After he gets out of the hospital, Tex invites Merilee to come to the eponymous fair to hear him perform, and despite Dr. Ken’s insistence that she stay away from Tex, off she goes. For his opening number, Tex sings a new composition called “Marilee, Where Are You?” and is about to play it again when “a shot rang out, and Tex crumpled to the floor of the stage.” Maybe someone just can’t bear to hear that song again. The audience takes this in stride and taps their feet as red-coated musicians, who immediately rush on stage to block the view of Tex, break into a lively tune. Then there’s an explosion, apparently set off by the hippies sitting in front of Merilee, and this is finally too much for the crowd, which immediately erupts into a riot and begins throwing punches en masse.

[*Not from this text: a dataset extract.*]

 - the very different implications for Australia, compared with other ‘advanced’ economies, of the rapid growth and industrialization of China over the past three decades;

Merilee, who is even slower out of the gate than the audience, watches for a while longer, until the announcer pleads with the crowd to leave quietly. This request has the opposite effect on Merilee, who freaks out and tries to push her way to the stage but is sucked into the riot, where she starts hitting people. The fuzz finally arrives and drags her off to the police station, where she is booked by friendly Seargent Rosetti, whom she had nursed through a recent bout of appendicitis. She’s freed on bail by long-suffering Dr. Ken, who is understandably chilly, though she doesn’t seem to understand and is hurt when he doesn’t want to chat about Tex on the way home or come in for a visit. Tex vanishes after the shooting, but Dr. Ken knows where he is and takes Merilee with him to change the bandages, as Tex has been shot in the “fleshy part” of the shoulder. Merilee suppresses an unprofessional gasp when she realizes that “if the bullet had gone a few inches lower, it would have penetrated his heart,” which is apparently located between his nipple and his armpit.

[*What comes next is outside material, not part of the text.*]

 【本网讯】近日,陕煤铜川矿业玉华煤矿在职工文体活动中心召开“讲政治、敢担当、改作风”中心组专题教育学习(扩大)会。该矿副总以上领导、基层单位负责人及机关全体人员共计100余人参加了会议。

At this point, a mystery breaks loose. There’s a photo of Tex’s wife in Tex’s bedroom that one of Tex’s horse trainers wants Merilee to get for him, but it’s gone missing. The book finally starts to wonder about who is trying to kill Tex, how he landed in the hospital, and what the story is with his wife. Through it all, Merilee maintains a complete inability to comprehend the effects of her actions. Ken’s long-lost sister shows up, and when Ken spends the evening with his sister instead of with Merilee, she wonders, “Was the pleasant pattern of her relationship with Ken going to be spoiled because of the sudden arrival of his sister?” Of course, it’s already been spoiled because of her intense infatuation with Tex, but apparently that hasn’t occurred to her.

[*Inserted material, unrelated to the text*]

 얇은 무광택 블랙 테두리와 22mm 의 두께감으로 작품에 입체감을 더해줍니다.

This sort of overwhelmingly blatant stupidity is rampant throughout the book. Initially I found it irritating, but it was so pervasive that I actually started to wonder whether it was intentional. Can the author really be unaware that her book’s situations so consistenly run contrary to common sense and human nature? The amusing quotes—e.g. “his lips were firm yet able to smile easily”—are as dopey as they are funny. The book is not so over the top, not so obviously campy, that I can be certain that it’s deliberate, and this did detract somewhat from my enjoyment of it. But this book is easily so dumb that it’s a good read, an absolutely worthwhile way to spend an afternoon.